Jをめぐる冒険BACK NUMBER
結局、鹿島と何が違うのだろうか。
浦和の「勝負強さ」問題はまだ続く。
text by
飯尾篤史Atsushi Iio
photograph byKyodo News
posted2017/09/22 13:00
「力はあるけど勝負弱い」という屈辱的な評価を、浦和レッズは覆すことができるのだろうか。
小笠原の危機感が、チームの雰囲気を締めるのか。
この2年間、矢島は試合経験を積むためにファジアーノ岡山に期限付き移籍していた。そこで目にしたのが、鹿島のOBである岩政のセットプレーの練習ひとつとっても妥協せず、細かく、厳しい姿勢だったという。

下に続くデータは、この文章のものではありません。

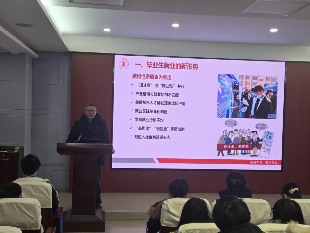 会上,章程首先围绕当前就业形势展开分析,结合药学相关行业发展趋势,为同学们提供了有针对性的就业指导与建议。他指出,同学们应树立正确的就业观,主动把握招聘机会,积极提升综合素质与求职竞争力。此外,还提醒毕业生在求职、实习及离校过程中注意人身、财产、交通及信息安全,增强防范意识。

「大樹さんの姿を見てきただけに、鹿島もピリピリとした雰囲気の中でやっているのかなって。それは今の浦和にはないもので、セットプレーの練習にしても、ふわっとした感じで終わってしまう。結果論ですけど、こういう試合で鹿島はちゃんと勝つし、浦和は最近鹿島に競り負けているイメージがあるので、やっぱり細かいところから、熱量を持ってしっかりやっていかないといけないと思いましたね」
セットプレーやスローインのマークの仕方など、子どもの頃から何十年もやってきたわけで、それをどこまで細かく、厳しく、突き詰められるか。

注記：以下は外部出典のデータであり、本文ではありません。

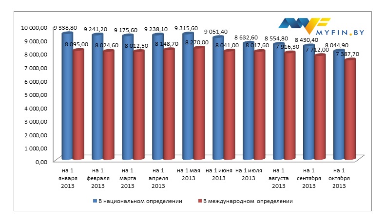 В национальном определении объем золотовалютных резервов сократился на 374,9 млн долларов США и на 1 октября 2013 г составил 8 044,9 млн долларов США в эквиваленте.
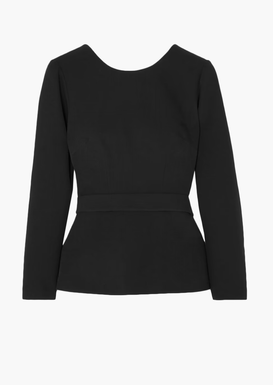 This elegant top by Safiyaa is crafted from structured crepe with a subtle stretch for a refined, figure-flattering fit. The dramatic draping in the back make it an absolute show stopper. The detachable belt define the waist, while the removable insert adds versatility. Super versatile to dress up or down with tailored trousers or pairing it with an evening skirt. Perfect for understated elegance.

先日、鹿島のキャプテンである小笠原満男からこんな話を聞いた。
「20代の頃はダッシュをサボっても、疲れているんだろうって思われたけど、今は少しでも手を抜けば、終わりが近いなっていう見方をされる。だから、今はそれを見せない戦いだし、引退のプレッシャーとの戦い。走れない、勝てないなら、俺がいる意味はないですからね」
チーム最年長の38歳がこの危機感、このテンションで日々のトレーニングに臨んでいるのだから、鹿島のトレーニングの雰囲気は推して知るべしだろう。
土居「叩いてやろうと思いました」
ちなみに鹿島の選手たちは、この日の浦和のメンバーを試合前のミーティング中に知った。そこには柏木陽介の名前も、ラファエル・シルバの名前もなく、最も警戒すべき興梠慎三の名前も、ベンチメンバーの中にあった。
そこで大岩剛監督は「舐められていると捉えてもおかしくないメンバーだ」と熱弁して、選手の心を焚き付けた。
むろん、浦和が舐めたなんてことはなく、負傷やコンディションの問題でメンバーを入れ替えたわけだが、鹿島からすれば、レギュラーメンバーではないという事実がすべてだった。土居が言う。
「前線の選手が予想とだいぶ違った。僕らがこの一戦に懸けていた想いは強かったですし、剛さんからも熱い言葉というか、『こういうメンバーで来ているぞ』って言われて、高まっていた気持ちがさらに高まったというか、叩いてやろうと思いました」
鹿島の勝利をもぎ取る力を語るうえで、こうした大岩監督のモチベーターとしての手腕も見逃せない。